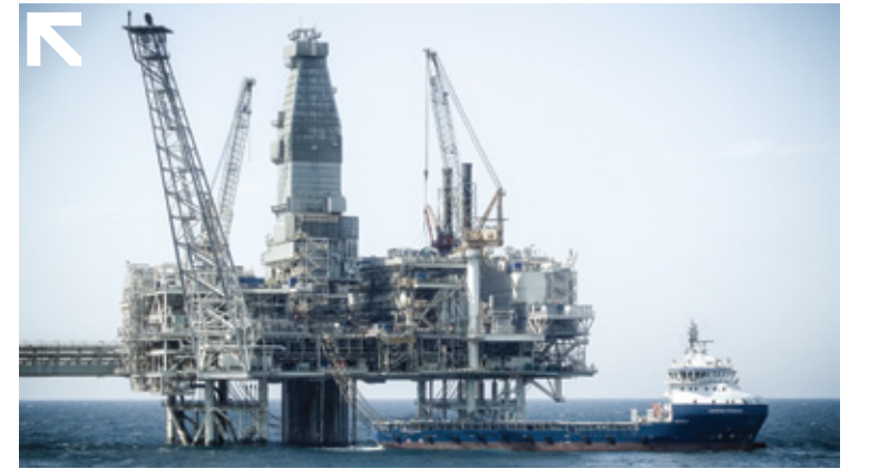
"كاسيبان فوجير" سفينة تزويد منصية ذات حمولة ٤٠٠٠ طن (دي دبليو تي) تعمل في بحر قزوين

قمتنا في هذه الفترة (النصف الأول) باستثمارات رأسمالية بلغت ٧٩,٣ مليون ر.ع (٢٠٦,١ مليون دولار أمريكي) لأغراض النمو حيث بلغ الإنفاق الرأسمالي لتنمية أسطول توياب لدعم البحري حتى الآن ٧٤,٦ مليون ر.ع (١٩٢,٩ مليون دولار أمريكي) كما بلغ الإنفاق الرأسمالي لنفس الفترة في مجموعة خدمات العقود ٤,٧ مليون ر.ع (١٢,٢ مليون دولار أمريكي). سيرتفع مستوى الاستثمار في مجموعة خدمات العقود بصورة كبيرة عند قيام الشركة بتطوير مشروع مرافق السكن الدائم للمقاولين بالدقم.
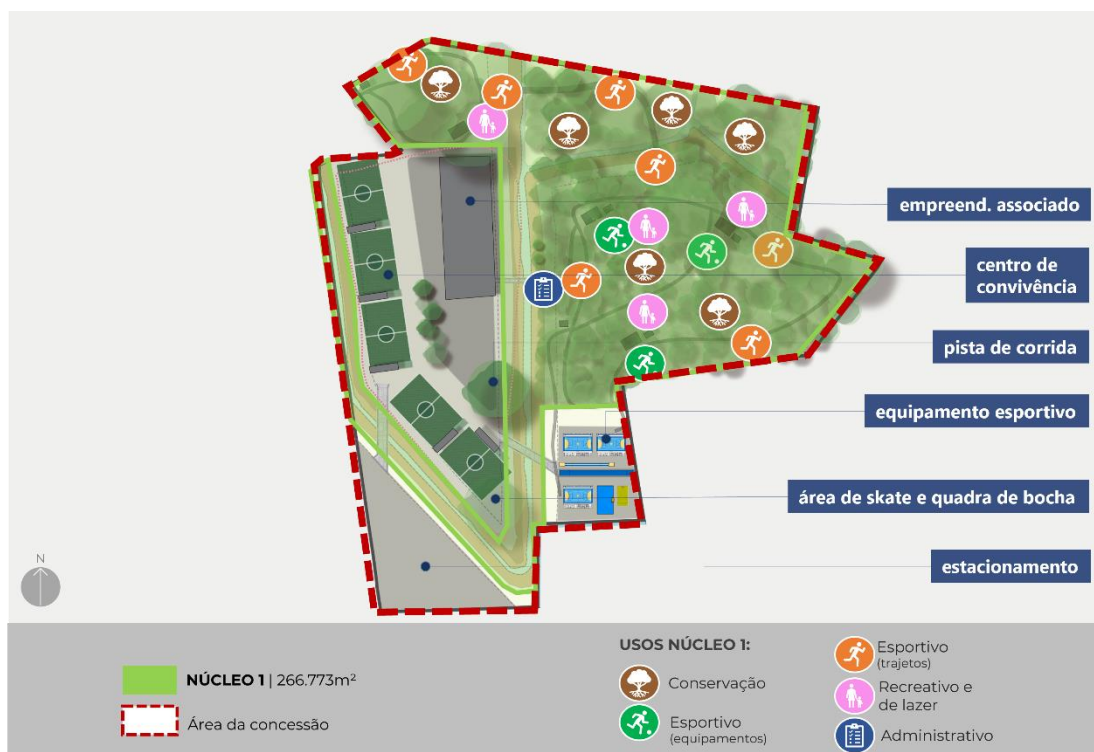
Figura 9 – Plano de Ocupação Referencial com destaque para o NÚCLEO 1

e) uso administrativo, caracterizado por um edifício de administração, o qual conterà (e.1.) 1 (uma) sala de administração, de 200 m 2 (duzentos metros quadrados); (e.2.) 3 (três) salas conjuntas à administração, totalizando 225 m 2 (duzentos e vinte e cinco metros quadrados), destinadas a setores de segurança, manejo do NÚCLEO DE PRESERVAÇÃO e utilização multiuso; (e.3.) 1 (um) vestiário, contendo 50 m 2 (cinquenta metros quadrados); (e.4.) 1 (um) sanitário para funcionários, com 70 m 2 (setenta metros quadrados); (e.5.) 1 (uma) cozinha com copa para funcionários, totalizando 150 m 2 (cento e cinquenta metros quadrados); 1 (um) ambulatório de 56 m 2 (cinquenta e seis metros quadrados), e 4 (quatro) guaritas, sendo 1 (uma) guarita edificada de 15 m 2 (quinze metros quadrados), e 3 (três) guaritas edificadas ou móveis de 3 m 2 (três metros quadrados) cada.
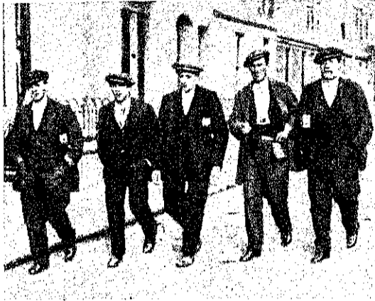
Рис. 5. Вольная дружина лондонскихъ клерковъ отправляется на Вульвичскій казенный оружейный заводъ.

Дѣло пошло и совсемъ хорошо, когда въ ихъ дружину вошли инженеры, машинисты, механики.
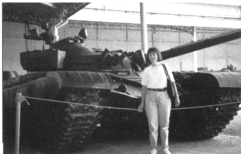
Musée royal de l'armée: un T-72 soviétique. La personne au premier plan (1,65 m) pour rendre sensible à la faible hauteur du char, ce qui pose de gros problèmes d'habitabilité dans la tourelle.

poque du nazisme. Les communications suisses, qui traitent de la défense générale du pays pendant et après la Seconde Guerre mondiale, suscitent intérêt et compréhension.
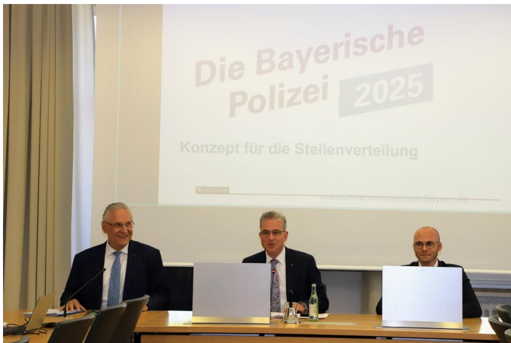
Staatsminister Herrmann zu Besuch in der Fraktionssitzung

Eingesetzt haben wir uns auch für einen einheitlichen Vollzug bei Bau- maßnahmen im Außenbereich . Wir wollen die Landwirtschaft weiter mit einem „zweiten Standbein“ im Tourismus stärken. Doch dem Ausbau von Ferienzimmern und -wohnungen auf dem Bauernhof sind enge Grenzen ge- setzt. Problematisch ist dabei, dass die Genehmigungsbehörden uneinheit- lich beurteilen, ob die landwirtschaftsfremde Betätigung dem bäuerlichen Betrieb wirklich ‚untergeordnet‘ ist – also nur dem Nebenerwerb dient. Ge- rade kleinere Betriebe mit geringeren Erträgen aus der landwirtschaftlichen Produktion haben oftmals Schwierigkeiten, ihren „untergeordneten“ Cha- rakter der Vermietung von Ferienzimmern und -wohnungen zu belegen. Ein bayernweit einheitlicher Vollzug hilft daher gerade kleineren Betrieben, diese Kriterien leichter erfüllen zu können. Denn die touristische Erschlie- ßung bietet Landwirtschaftsbetrieben ein zweites Standbein und trägt zum Erhalt der wertvollen kleinbäuerlichen Strukturen in Bay- ern bei . Die Verbesserung der Verwaltungspraxis bei Genehmigungen stärkt so gleichermaßen Landwirtschaft, Tourismus und den ländlichen Raum – nachhaltiger kann Urlaub nicht sein.
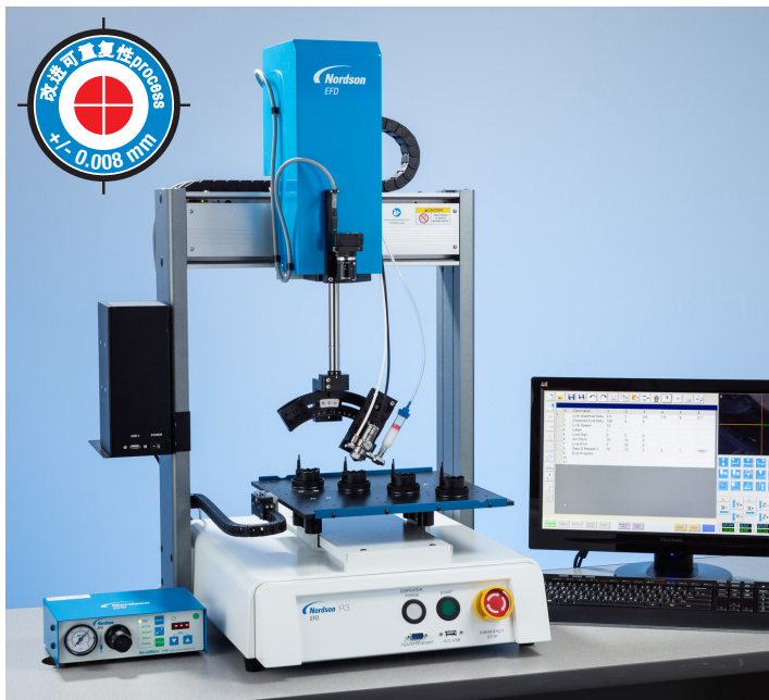
RV系列配备专有的DispenseMotion软件，使得4轴自动化点胶更加便捷。
+-------+
_WHAT THE EXERCISE ASKS_: Exact copy, pictures excluded: every line above from the one containing "Musée royal de" to the one containing "Staatsminister Herrmann zu", inclusive, and nothing more.

_ANSWER TO THIS EXERCISE_:
Musée royal de l'armée: un T-72 soviétique. La personne au premier plan (1,65 m) pour rendre sensible à la faible hauteur du char, ce qui pose de gros problèmes d'habitabilité dans la tourelle.

poque du nazisme. Les communications suisses, qui traitent de la défense générale du pays pendant et après la Seconde Guerre mondiale, suscitent intérêt et compréhension.
Staatsminister Herrmann zu Besuch in der Fraktionssitzung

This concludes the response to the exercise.